** Instructions to follow **
Go to the line holding "X900 Body Harness" in the data below and repeat it exactly, then each line after it up to and including the one holding "Después de la". Omit pictures.

** Information provided **
========================================================================
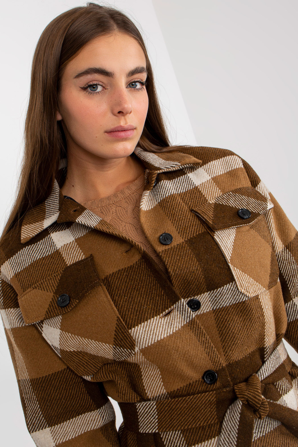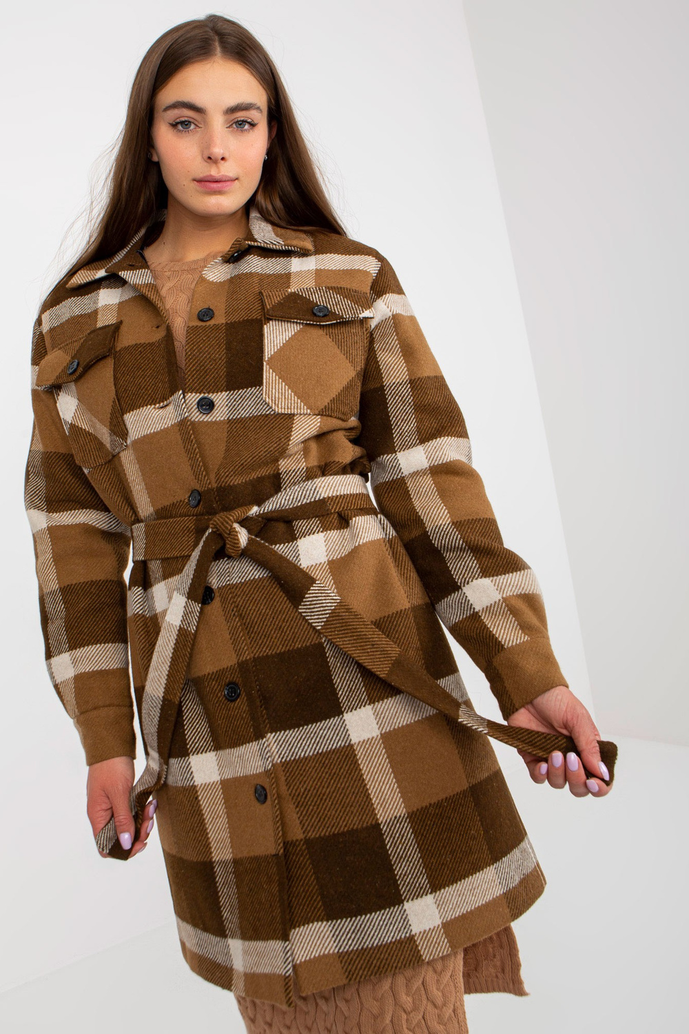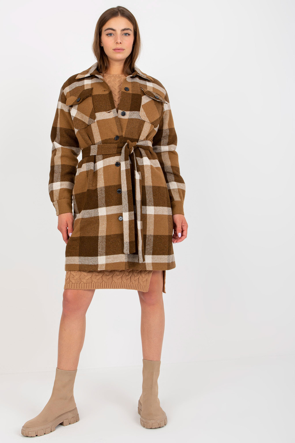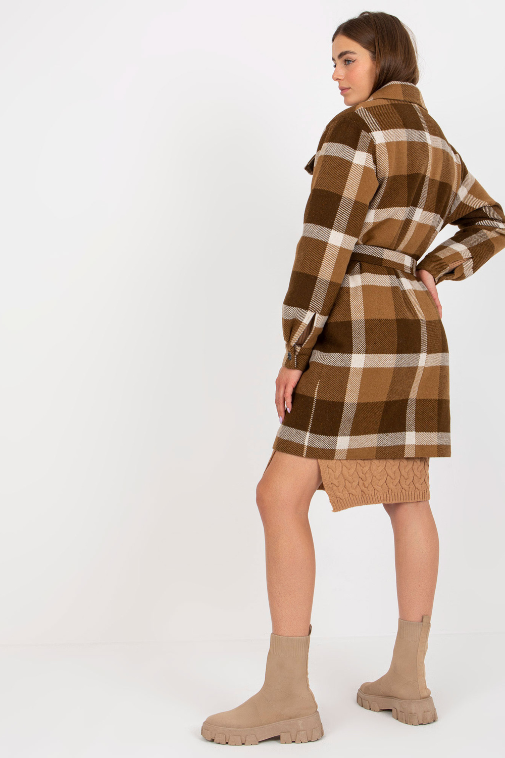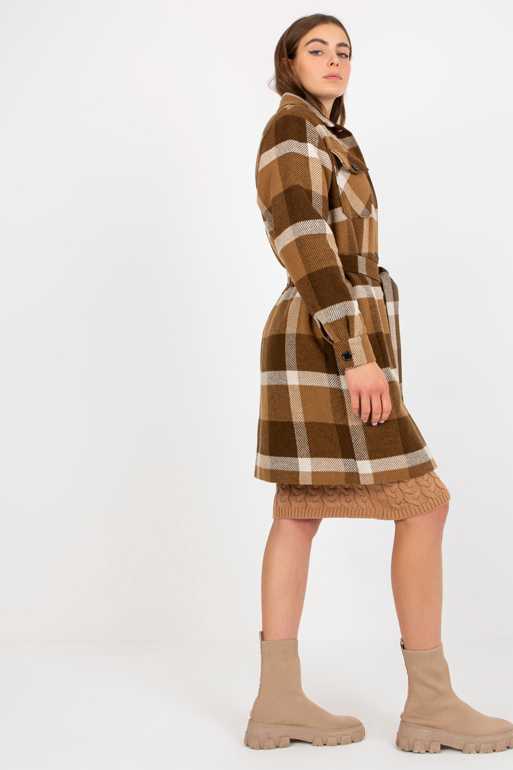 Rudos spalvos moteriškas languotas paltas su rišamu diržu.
========================================================================
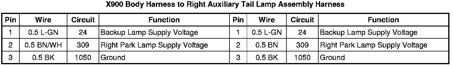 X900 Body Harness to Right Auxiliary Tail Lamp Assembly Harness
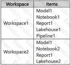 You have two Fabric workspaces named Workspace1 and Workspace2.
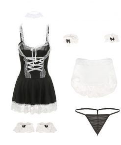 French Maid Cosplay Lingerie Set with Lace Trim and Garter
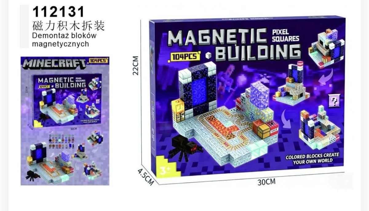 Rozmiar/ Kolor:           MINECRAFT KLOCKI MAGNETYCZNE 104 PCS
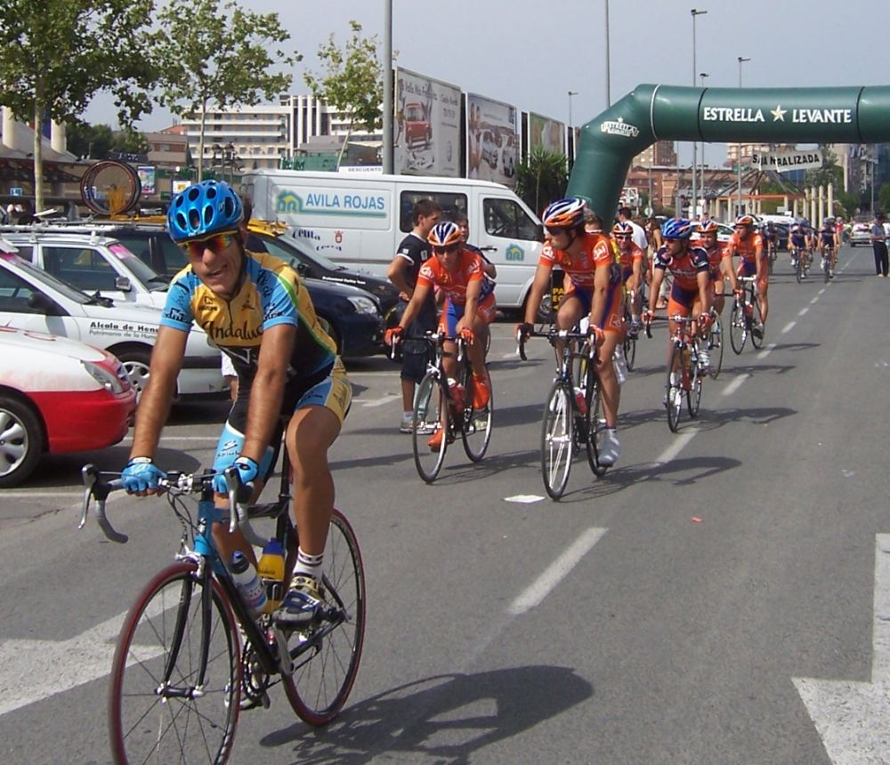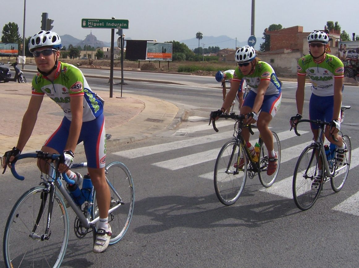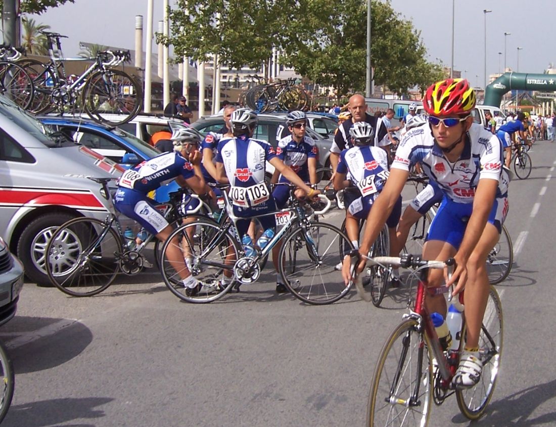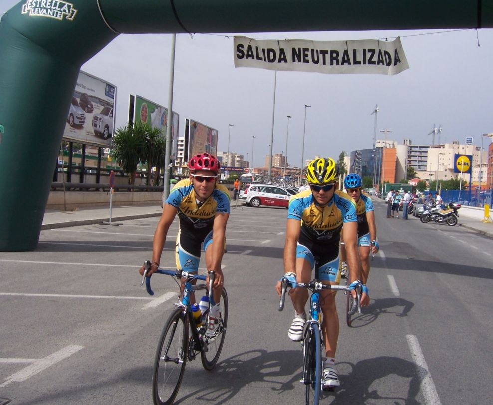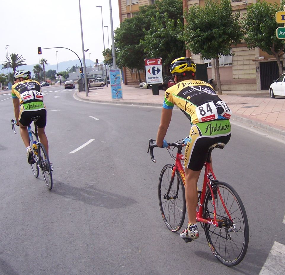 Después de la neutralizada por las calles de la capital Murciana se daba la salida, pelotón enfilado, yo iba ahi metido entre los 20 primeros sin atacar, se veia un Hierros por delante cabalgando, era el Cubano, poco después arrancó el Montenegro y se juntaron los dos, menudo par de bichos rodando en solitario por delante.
========================================================================
** Answer to this problem **
 X900 Body Harness to Right Auxiliary Tail Lamp Assembly Harness
 You have two Fabric workspaces named Workspace1 and Workspace2.
 French Maid Cosplay Lingerie Set with Lace Trim and Garter
 Rozmiar/ Kolor:           MINECRAFT KLOCKI MAGNETYCZNE 104 PCS
 Después de la neutralizada por las calles de la capital Murciana se daba la salida, pelotón enfilado, yo iba ahi metido entre los 20 primeros sin atacar, se veia un Hierros por delante cabalgando, era el Cubano, poco después arrancó el Montenegro y se juntaron los dos, menudo par de bichos rodando en solitario por delante.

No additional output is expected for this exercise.